The argument for ditching the SAT because of its alleged failings is as unconvincing as it is transparent. Banishing the only objectively comparative measure of academic merit removes the easiest way to detect racial discrimination in university admissions. Without test scores, evidence of the “crime” is much harder to see.

To salvage its rapidly diminishing fortunes, the College Board itself has joined the bandwagon. Tucked into its SAT digitization project is the disclosure that test items will be removed if different races perform differently on them. The College Board thus aims to create a Harrison Bergeron test, rigged to equalize outcomes by race.

The next step for universities is to concoct a set of proxies for race that are facially race-neutral in order to deliver “enough” blacks to campus. Socioeconomic preference is the leading criterion. The UC system already deploys it with increasing finesse; Asian families in California have reported the devastating impact of the preference. Facially race-neutral preferences can be revised continually, as socioeconomic conditions change (the need for racial apportionment, universities claim, is unending). Even apart from the Supreme Court’s ruling in SFFA v. Harvard, such practices are in direct violation of Prop. 209.

The racial mischief in socioeconomics springs from the “socio” part. For example, in New York City, no other demographic group has higher poverty rates than Asians. Under a system of simple economic preference, Asians would receive a boost. But adding reasonable-sounding “socio” factors—such as single-parent households, incarcerated family members, and employment status—removes most Asians from consideration because even poor Asian families frequently fail to meet these criteria. (Straight economic preferences are not favored by universities because, it turns out, black students really aren’t poor enough.)

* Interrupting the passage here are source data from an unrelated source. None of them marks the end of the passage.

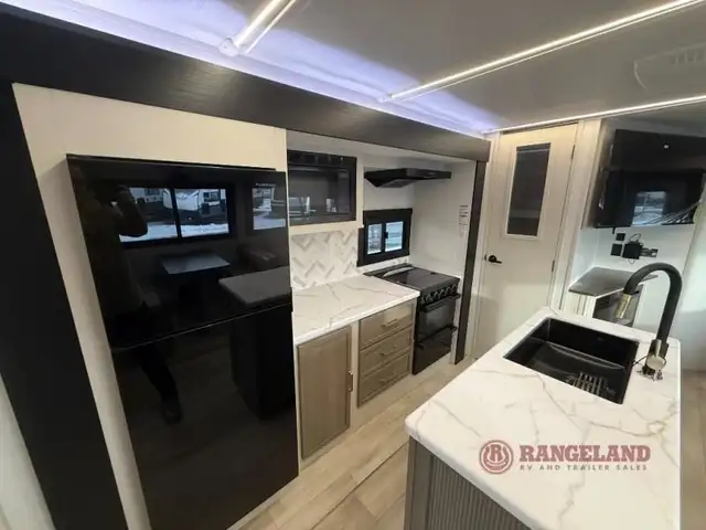 Your kids or friends are ready for a trip in this Wildwood Heritage Glen travel trailer, but are you? As the kiddos or your buddies claim the private bunkhouse for themselves, which includes two bunk beds and a convertible sofa bed, you can escape to your own privacy in the front bedroom with a queen bed and lots of storage. There is even washer/dryer prep for added convenience. The main living area and kitchen might be the next indoor hangout spot thanks to the chef-size walk-in pantry and 12V refrigerator. The cook even has a choice of making meals on the outside kitchen/bar which also includes an LP quick connect nearby. On rainy days, the theatre seats and booth dinette will offer a place to watch TV and play games, and the panoramic windows will always offer beautiful scenery no matter the weather conditions.
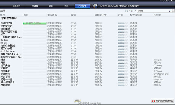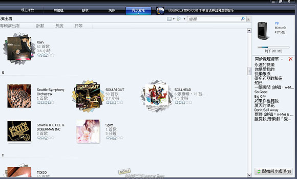 RAZR V8 與電腦傳輸十分簡單,在手機透過 USB 傳輸線與電腦連接之後,手機端選擇多媒體同步,而電腦上的 Windows Media Player 的右側會顯示 V8 與電腦連線成功,此時將音樂拖曳至右邊,然後同步音樂就可以。如果是左邊有編輯封面的音樂,同步到手機當中就會顯示這些圖片。同時,Windows Media Player 右側會顯示可用的容量,V8 內建 512MB 的大容量動態記憶體,可全當作儲存音樂之用。而 V8 也支援 USB 2.0 的高速傳輸協定,傳輸一首歌曲僅需 2-3 秒。
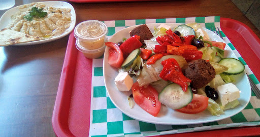 Our second visit, I ordered the enormously portioned Mediterranean salad with falafel, baba ganoush & pita; a friend had the same salad (we could have split one and had leftovers) with falafel. There is a "build your own salad" option, which I might try to get a smaller Mediterranean salad.
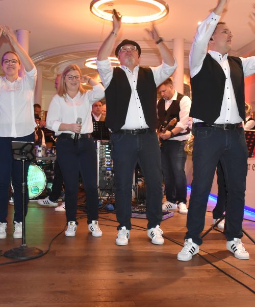 Präsident Dino Massi und Kommandant Marcel Kappestein begrüßten persönlich, direkt am Eingang der Brauerei, jeden der gut 130 Korpskameraden, das designierte Kölner Dreigestirn und viele Freunde aus den anderen Kölner Traditionskorps. Rainer Brüser hatte ein tolles Programm für uns zusammengestellt. Es muss ihm auch gut gefallen haben, denn bei der Gruppe „Swinging Funfares“ tanzte Rainer ausgelassen mit vielen Freunden in der ersten Reihe mit. Und was trinkt man in der Krombacher Brauerei? Natürlich Krombacher Plis und dieses floss reichlich.
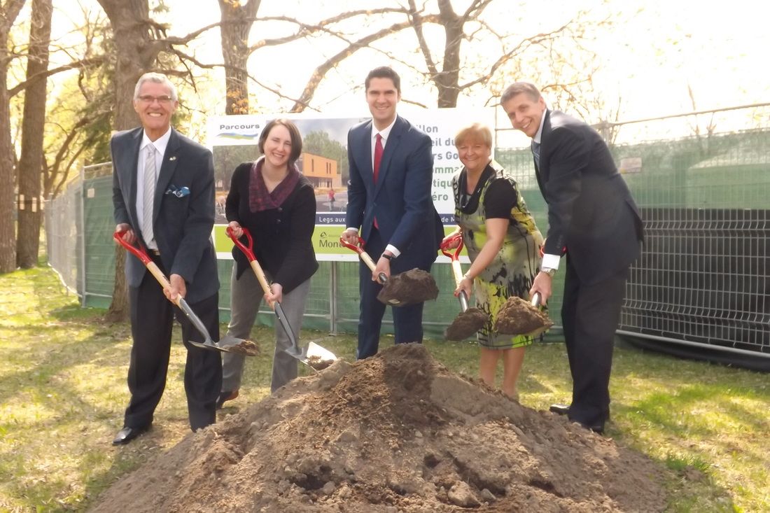 La première pelletée de terre a eu lieu le 12 mai en présence des élus de l’arrondissement, de quelques employés et invités. Le pavillon sera le premier édifice à consommation énergétique nette zéro de Montréal. Il sera alimenté par des panneaux solaires et construit de manière à réduire au minimum ses besoins énergétiques en surpassant les exigences du Code du bâtiment.

Three noteworthy lawsuits are complicating the search for facially race-neutral proxies. The first, brought in 2018 by the Chinese American Citizens Alliance of Greater New York and others against New York City, concerns the city’s famous Specialized High Schools. The second is a 2021 lawsuit by parents of the top-ranked Thomas Jefferson High School for Science and Technology in Fairfax County, Virginia. The third is a 2021 case in which parents sued Boston over admissions to its elite Exam Schools. In each case, merit-based academic criteria resulted in “inequity”—namely, “too many” Asians and “not enough” blacks—and so were replaced by facially race-neutral proxies for race.

These cases feature three of the most commonly discussed race proxies for universities: socioeconomically engineered thresholds (New York), “holistic” admissions laden with non-academic personality assessments (Thomas Jefferson), and zonal quotas (Boston). Granted, different statutes and precedents apply to high schools, and each of these cases has unique circumstances, but the Supreme Court must be well aware of the possible university implications of these cases. Significantly, all three cases are in appeal, moving towards the Supreme Court.

Legal questions aside, the use of sham proxies for race should offend us. It should also alarm us: all these proxies entail the dumbing down of standards and the end of merit. True, the meritocratic ideal may never be perfectly realized, but the pursuit of it is better than the alternatives. America welcomes people with many different values, traditions, interests, and specializations. Identity-blind meritocracy is the fairest and best way to absorb them, and it contributes to our richness as a nation. The Court’s SFFA ruling advances this ideal.